Visual AI Companion Mobile App
114學年度大學部專題海報展

Visual AI Companion

A Real-Time Scene and Navigation Assistant for the Visually Impaired

張宗行 111006217 | 楊恩明 111006219 | 楊凱莉 111006262

國立清華大學資訊工程學系

About the Project

Navigating everyday environments poses persistent challenges for visually impaired individuals, often limiting their independence and mobility. This research introduces the Visual AI Companion, a real-time scene and navigation assistant that leverages advanced AI technologies to enhance spatial awareness and safety.

Leveraging computer vision techniques including object recognition, obstacle detection, and depth estimation, the system provides guidance through its implementation on mobile applications. By translating visual data into actionable feedback, it empowers users to move through complex settings. Thus, the project aims to provide self-reliance and improve quality of life by offering an accessible tool tailored to the mobility needs of the visually impaired.

System Architecture

YOLOv11m

YOLO Architecture Diagram

A real-time object detection model that identifies objects within a scene using bounding boxes and class labels. It enables the system to recognize common objects, people, vehicles, furniture, and electronics to better assist the user in understanding their environment.

Depth Anything V2

Depth Anything V2 Visualization

A monocular depth estimation model that predicts the relative distance of objects and surfaces from a single image. This allows the system to interpret spatial geometry and assess how far obstacles are from the user.

flutter_tts

A text-to-speech engine integrated into the Flutter framework to provide real-time audio feedback to users.
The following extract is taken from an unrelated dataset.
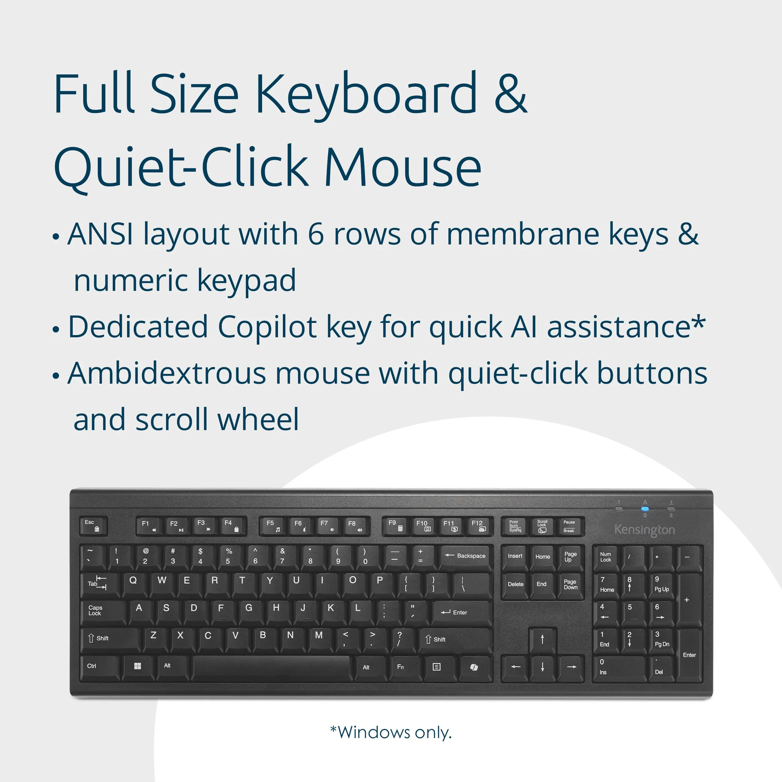• Full-size keyboard layout with dedicated Copilot key

It enables hands-free navigation by converting visual information into spoken warnings and guidance, making the app truly accessible.

Implementation on Mobile Application

  • Built with Flutter for cross-platform support (iOS/Android)
  • Uses WebRTC for real-time video streaming and communication
  • Modular RTSP and custom notification solutions
  • Processes video using YOLO and Depth Anything models on the backend
  • Real-time voice output to enhance user audio and control feedback
  • Deployed to App/Google Play Store for minimal updates and easy accessibility

Visual AI Companion Datasets

The system builds on the standard YOLOv11 model trained on the COCO dataset, which includes 80 object classes across categories like people, vehicles, furniture, and electronics. To better suit the context, we've curated a specialized dataset formatted accordingly. These additions enhance the system's ability to detect mobility-related hazards and provide more relevant object class information.

Dataset Statistics Table

Dataset split showing training, validation, and test distributions across multiple object categories relevant to navigation scenarios.

Integrated System

Integrated System Architecture

📹 Video Input

Smartphone captures live video and streams it to the backend via WebRTC. The video feed is continuously processed in real-time.
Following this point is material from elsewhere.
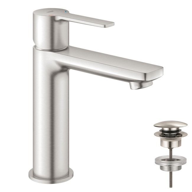 С его гладким цилиндрическим корпусом, четкой прямоугольной рукояткой и изливом, однорычажный смеситель для раковины GROHE Lineare прекрасно смотрится в современной ванной комнате.

⚙️ Parallel Analysis Pipeline

Each frame is processed by the following:

  • YOLOv11m for object detection
  • Depth Anything V2 for depth estimation
  • Convex provides for wall and ground obstacle detection

🔗 Fusion & Hazard Scoring

Depth data is matched to the detected objects to compute proximity, hazards, and direction information. Each detected object receives a hazard score based on its distance and type.

🔔 Event Filtering & Feedback

Only newly changed hazards pass through an anti-spam filter. Alerts are sent via WebSocket as JSON payloads and announced to the user via text-to-speech.

Model Performance

The custom-trained YOLOv11m model was evaluated on a dataset of 6,263 images containing 36,429 object instances. The model was fine-tuned to prioritize detection accuracy and generalization across diverse navigation scenarios.

Metrics Value
Precision (Box P)0.766
Recall (Box R)0.621
mAP500.671
mAP50-950.509

These metrics demonstrate strong detection accuracy with room for further optimization in recall and generalization across varying lighting and environmental conditions.

Conclusion & Future Work

The Visual AI Companion successfully demonstrates the potential of combining computer vision and mobile technology to assist visually impaired individuals in navigating complex environments. By integrating real-time object detection, depth estimation, and text-to-speech feedback, the system provides actionable guidance that enhances independence and safety.

Future improvements include expanding the dataset for better generalization, optimizing model inference speed for lower-latency responses, and incorporating additional sensors (e.g., GPS, accelerometer) for enhanced contextual awareness.